Problem requirements. In the answer, transcribe exactly the lines from the beginning of the material through the line holding "mango teriyaki salmon.", and skip every picture.

Given information.
======

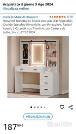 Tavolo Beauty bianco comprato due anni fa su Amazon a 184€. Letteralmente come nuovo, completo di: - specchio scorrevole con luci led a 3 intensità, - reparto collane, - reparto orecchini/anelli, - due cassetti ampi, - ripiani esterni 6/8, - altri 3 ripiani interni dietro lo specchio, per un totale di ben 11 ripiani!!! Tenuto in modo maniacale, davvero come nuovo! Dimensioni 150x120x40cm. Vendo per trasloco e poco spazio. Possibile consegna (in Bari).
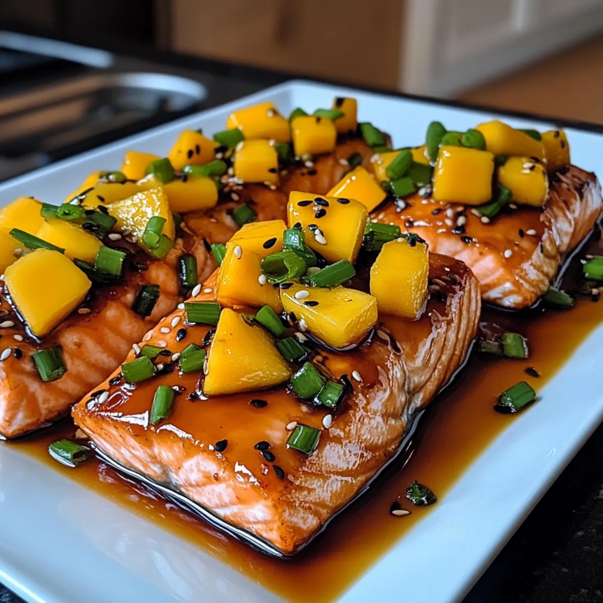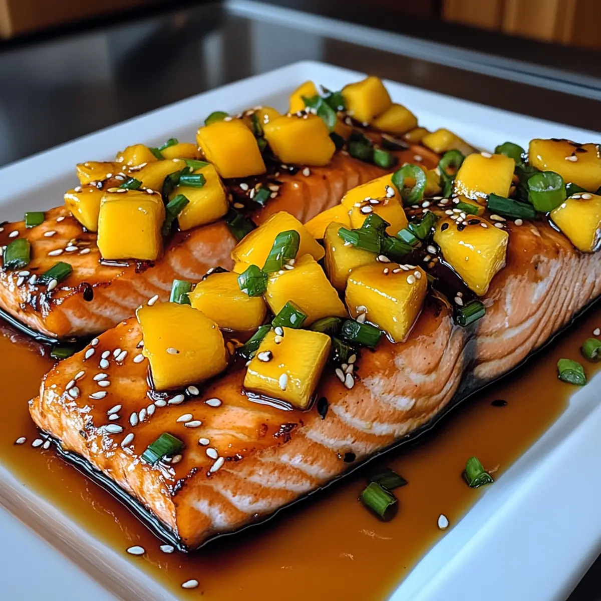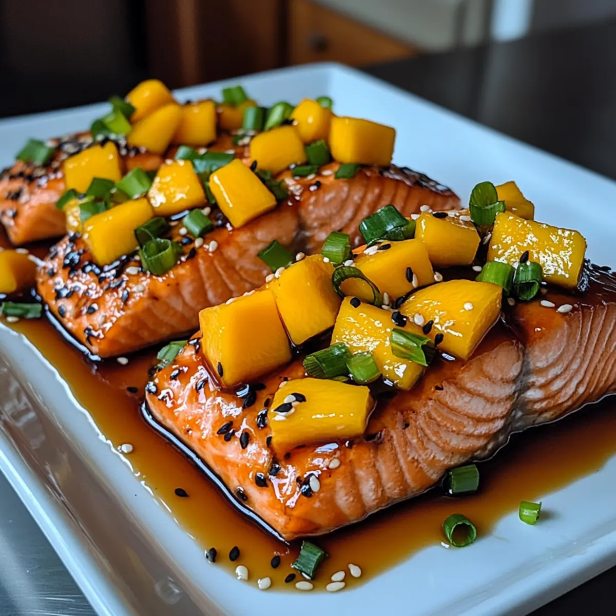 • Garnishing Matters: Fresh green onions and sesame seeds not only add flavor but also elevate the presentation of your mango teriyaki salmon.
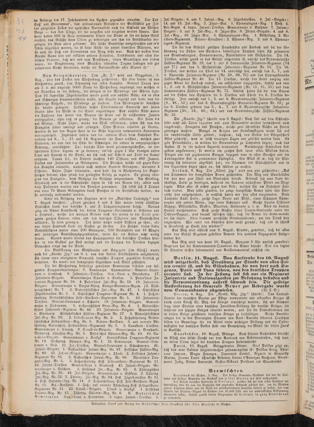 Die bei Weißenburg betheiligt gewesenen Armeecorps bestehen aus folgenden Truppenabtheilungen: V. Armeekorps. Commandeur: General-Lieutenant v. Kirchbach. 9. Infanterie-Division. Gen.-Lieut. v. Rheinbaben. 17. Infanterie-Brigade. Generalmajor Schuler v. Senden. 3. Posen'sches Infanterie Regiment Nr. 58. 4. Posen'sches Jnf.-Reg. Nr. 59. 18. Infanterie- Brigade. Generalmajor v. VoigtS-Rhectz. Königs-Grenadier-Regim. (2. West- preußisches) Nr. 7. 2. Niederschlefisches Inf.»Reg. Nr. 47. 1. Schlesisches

======

Solution for this problem.
 Tavolo Beauty bianco comprato due anni fa su Amazon a 184€. Letteralmente come nuovo, completo di: - specchio scorrevole con luci led a 3 intensità, - reparto collane, - reparto orecchini/anelli, - due cassetti ampi, - ripiani esterni 6/8, - altri 3 ripiani interni dietro lo specchio, per un totale di ben 11 ripiani!!! Tenuto in modo maniacale, davvero come nuovo! Dimensioni 150x120x40cm. Vendo per trasloco e poco spazio. Possibile consegna (in Bari).
 • Garnishing Matters: Fresh green onions and sesame seeds not only add flavor but also elevate the presentation of your mango teriyaki salmon.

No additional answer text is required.